Why Are Those Characteristics Necessary for the Engagement?

This question distinguishes between selection criteria and compensation criteria. An HCP may be uniquely suited to an engagement without that uniqueness justifying a higher rate. If a national-level thought leader in the relevant area could accomplish the same project goals, then the additional characteristics do not support an exception.

What Is the Basis for Concluding the Standard Rate Is Not Appropriate?

This requires more than an assertion. The requestor should be able to explain why the standard methodology produces an inaccurate result for that individual, not simply that the HCP is unwilling to work at the standard rate or that a competitor appears to be paying more.

Supporting that analysis requires additional documentation. This includes whether similar HCPs have been approached at standard rates, how the requested rate was developed, and whether any negotiation took place.
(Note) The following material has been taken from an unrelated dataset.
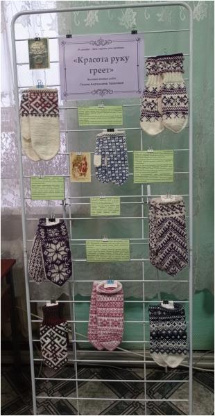 «Красота руку греет» - так называется уютная выставка изделий Тарасовой Галины Анатольевны, которая оформлена накануне Рождества и Нового года в детской библиотеке. Воистину говорят: талантливый человек – талантлив во всем. Галина Анатольевна нас удивляет своим талантом уже не первый год. На выставке представлены вязаные варежки, с разными узорами. Все рукавички связаны из натуральной шерсти, и орнаменты на них традиционные – геометрические. Традиционные орнаменты на варежках несут закодированное послание. Так, розы символизируют молодость, расцвет. Ромбы на рукавичках вывязывали, чтобы привлечь богатство, чтобы земля давала хороший урожай.

A rate that was never negotiated and simply reflects what was requested does not carry the evidentiary weight needed to support an exception.

Why Documentation Requirements Are More Demanding, Not Less

There is sometimes an assumption that exception approvals represent a relaxation of compliance requirements. The opposite is true. Because an exception involves determining that a higher rate reflects FMV for a specific individual, the evidentiary standard is necessarily higher than for a standard engagement. Standard rates are supported by the methodology itself, including the objective data and consistent application that underpin the framework. An exception rate has no such structural support. It must stand on its own, and the documentation must be sufficient to withstand scrutiny on that basis alone. Regulatory review of a specific arrangement, or of exception patterns across a company, will focus on whether that documentation is adequate and whether approvals reflect genuine FMV determinations rather than accommodation of business pressure.

The practical implication is clear. Exceptions should be rare, evaluated with rigor, and documented in a way that makes the reasoning transparent and defensible. An exception process that is easy to invoke and easier to approve is not a safeguard. It is a vulnerability.